Assess the Big Five personality traits using static facial images from real life.
Based on facial images of famous volunteers, a multidimensional personality prediction model was constructed using artificial neural networks, revealing the association mechanisms between facial features and personality traits.
Detail
Published
23/12/2025
Key Chapter Title List
- Research Background and Theoretical Foundation
- Research Objectives and Hypotheses
- Sample and Research Procedure
- Ethical Approval
- Data Screening
- Big Five Personality Measurement Tools
- Image Screening and Preprocessing
- Neural Network Architecture
- Research Results
- Discussion
- Research Limitations
- Data Availability Statement
Document Introduction
Extensive research has confirmed that the morphological features and social cues of the human face can convey signals related to personality and behavior. Although previous studies have explored the association between artificially synthesized facial images and personality trait attribution, systematic prediction of all Big Five personality traits for both genders based on static facial images from real life remains to be improved. Existing studies also suffer from issues such as small sample sizes, significant methodological differences, and insufficient consistency in results. The core aim of this study is to fill this gap and validate the feasibility of extracting personality cues from static facial images using machine learning algorithms.

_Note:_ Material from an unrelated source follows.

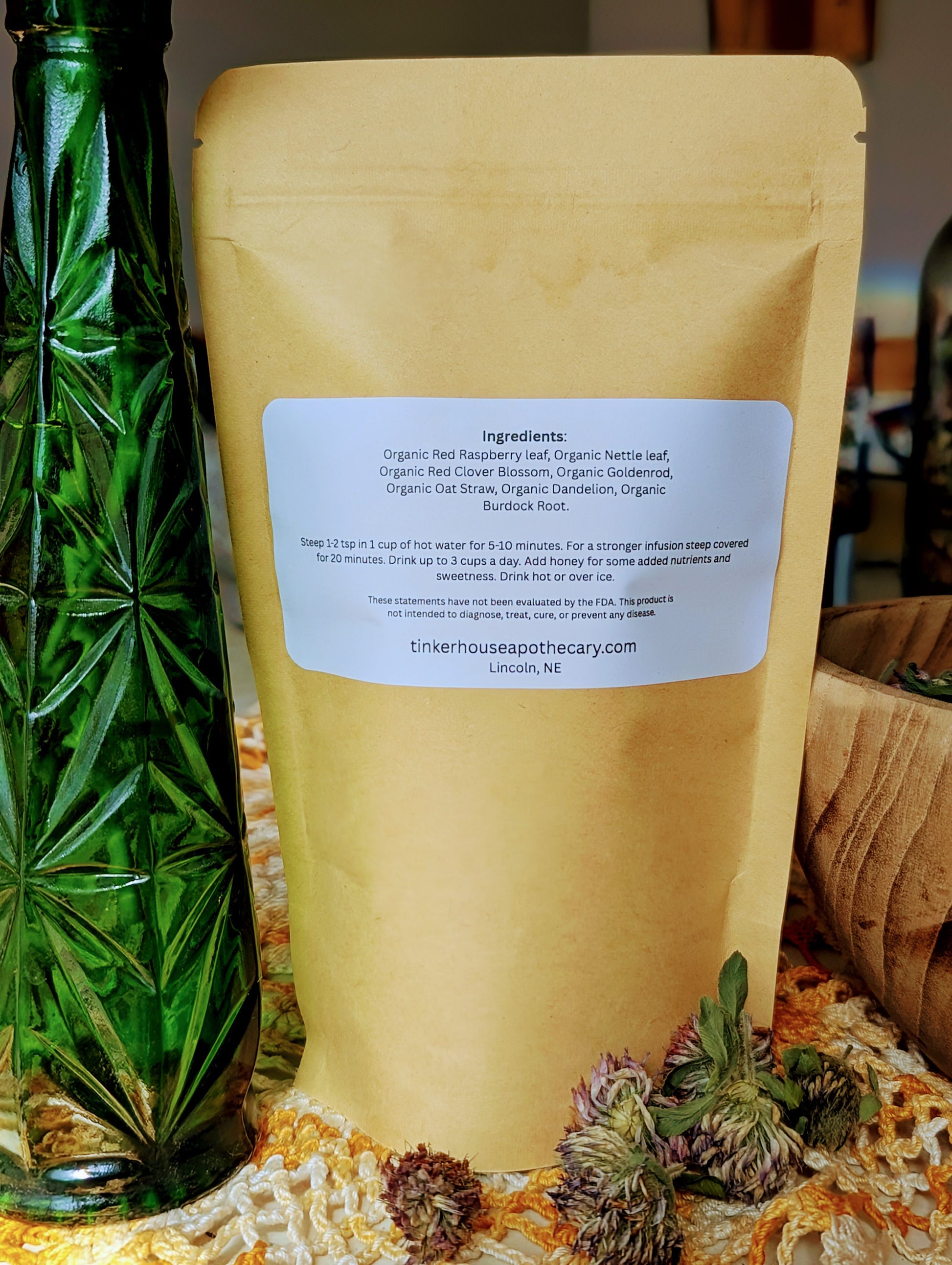 Goldenrod: Goldenrod provides vitamins A and C alongside minerals such as calcium, magnesium, and silica. Known for its affinity with the urinary system, it gently encourages fluid balance and supports natural detoxification. This is also grown right here on our urban homestead.

The study utilized 31,367 real-life facial images provided by 12,447 anonymous volunteers, all of whom completed self-report measures of the Big Five personality traits. To ensure data quality, the study excluded invalid questionnaires, low-quality images, and fabricated content through multi-stage screening. The final dataset was divided into training and test sets in a 9:1 ratio, used for model training and validation, respectively. Considering the sexual dimorphism of facial features and some personality traits, all prediction models were trained and validated separately for males and females.
The study employed a two-layer machine learning algorithm architecture: first, a computer vision neural network (NNCV) was constructed based on the ResNet architecture to extract a 128-dimensional invariant feature vector from static facial images; subsequently, a personality diagnostic neural network (NNPD) was trained to predict Big Five personality trait scores using this feature vector as input. The data processing strictly adhered to the Declaration of Helsinki, was approved by the Research Ethics Committee of the Open University of Humanities and Economics, and all participants provided informed consent.
Key findings of the study show statistically significant correlations between the artificial neural network's predictions of Big Five personality traits and self-reported scores, with an average effect size of 0.243, exceeding the results of previous studies using selfie images. Among them, the prediction correlation for Conscientiousness was the highest (male 0.360, female 0.335), while the prediction accuracy for Openness was the lowest. The prediction effectiveness for Extraversion and Neuroticism traits was significantly better for females than for males. Inter-trait correlation analysis indicated that the correlation structure of the predicted scores partially differed from that of the self-report scales, suggesting that the General Factor of Personality (GFP) may have a biological basis.
This study confirms that even real-life images taken under uncontrolled conditions can effectively predict personality traits through complex computer vision algorithms. Its methodological advantage lies in not relying on 3D scans or high-precision facial markers, requiring only an ordinary desktop computer. The results not only provide new empirical support for the face-personality association but also offer potential application scenarios for rapid personality assessment, which can assist in areas such as product-service matching, interpersonal interaction pairing, and personalization of human-computer interaction.
It should be noted that the sample of this study primarily consists of Russian-speaking Caucasian adults, with limitations in geographical and cultural scope. Furthermore, additional cues present in real facial images, such as makeup and camera angles, may influence the prediction results. Future research needs to expand sample diversity and further distinguish the roles of facial morphological features from other image cues.